'Right To Die' Movement Grows, As 'Pro-Death Choice' Seniors Smuggle Illegal Drugs And Establish Backyard Laboratories
Justice Minister Promise To Hunt Down And Prosecute More Than 800 Elderly Drug Makers
They are planning to get together in groups of eight or ten in secret locations in at least four Australian states. They are all over 60, and some are as old as 90. They're setting up backyard laboratories and these elderly Australians are planning to cook up illegal drugs,
barbiturates in fact, strong enough to kill.
But these old folks want the drugs to kill them. That's why they are ready to defy the law and make the drugs. So when they decide it's time to die, then they take drink down a mouthful of the drug and expire, within minutes, if not seconds.
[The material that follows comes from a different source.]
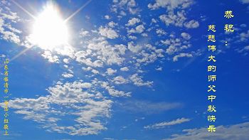 恭祝: 慈悲伟大的师父中秋节快乐! 师父慈悲大法传 冲破万阻宙宇蓝 朵朵祥云喜相伴 福泽万物至永远 值此金秋佳节时 共祝愿: 慈悲伟大的师父 中秋佳节快乐! 山东泰安大法弟子恭祝慈悲伟大的师尊中秋节快乐!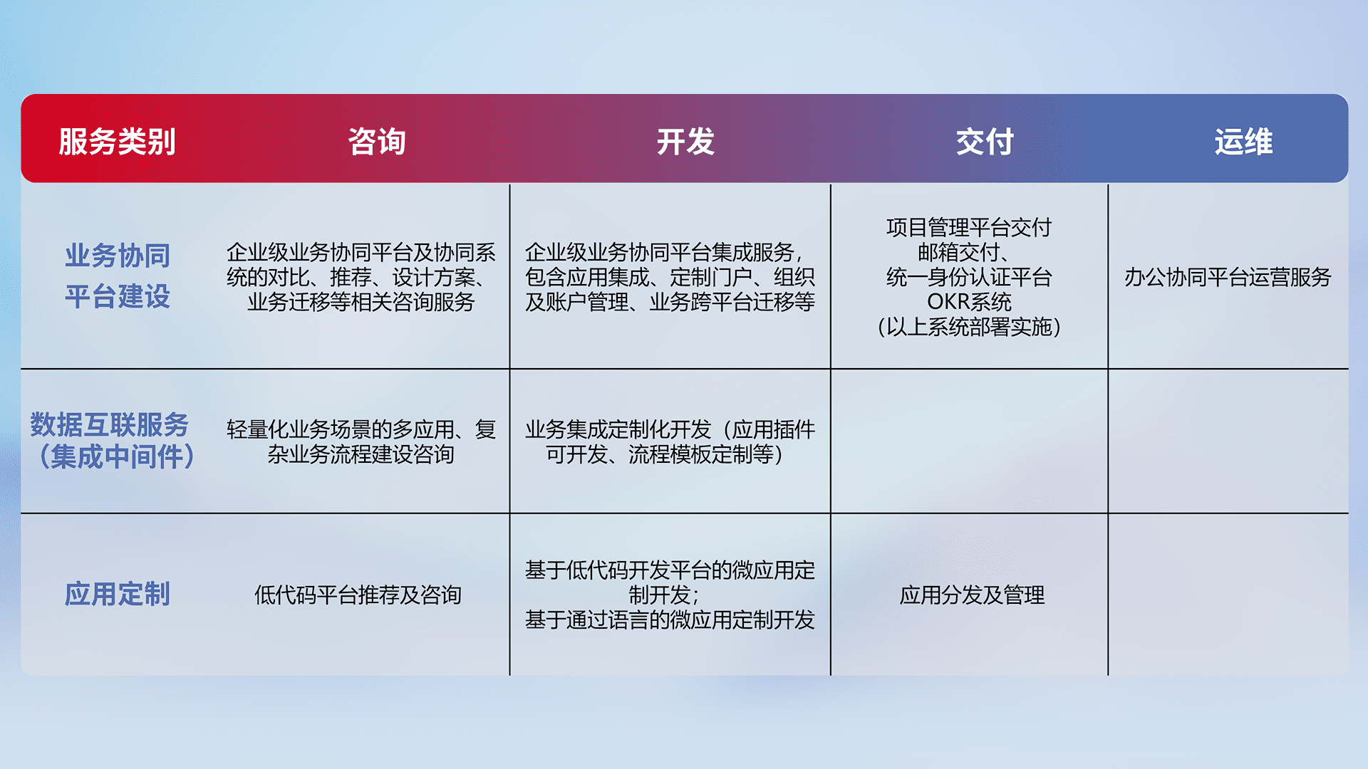 针对钉钉、、、、企微、、、、IDaas等平台级产品提供产品的规划、、、方案、、、交付、、、、定制化开发等服务,,,,实现如统一协同办公、、智能客户服务、、混合会议管理、、、、智能数据查询、、等业务场景,,实现数字化转型。。。

The drug is called Nembutal, and it's the drug of choice for those who want to practice "self-deliverance" or auto-euthanasia.
More than 100 elderly people are alleged to have illegally smuggled the drug into Australia from Mexico, where it is legally available in veterinarian supplies stores.
In an
extraordinary documentary aired on ABC TV last night, a new hidden world of Australia's elderly was revealed - a 'Right To Die' movement that may number in the tens of thousands.
They don't want to go to nursing homes. They don't want to suffer in pain, or humiliation, as their minds and bodies fade and malfunction. They want to have the choice to die at a time of their own making.
There's little doubt that the drug of choice for these elderly people is effective. That's why it's so illegal in Australia, for human consumption anyway. Veterinarians use the drug, or a very similar kind of drug, to
euthanize dogs. If it's acceptable to give respectful, quick deaths to dogs, their argument goes, why aren't they worthy of the same?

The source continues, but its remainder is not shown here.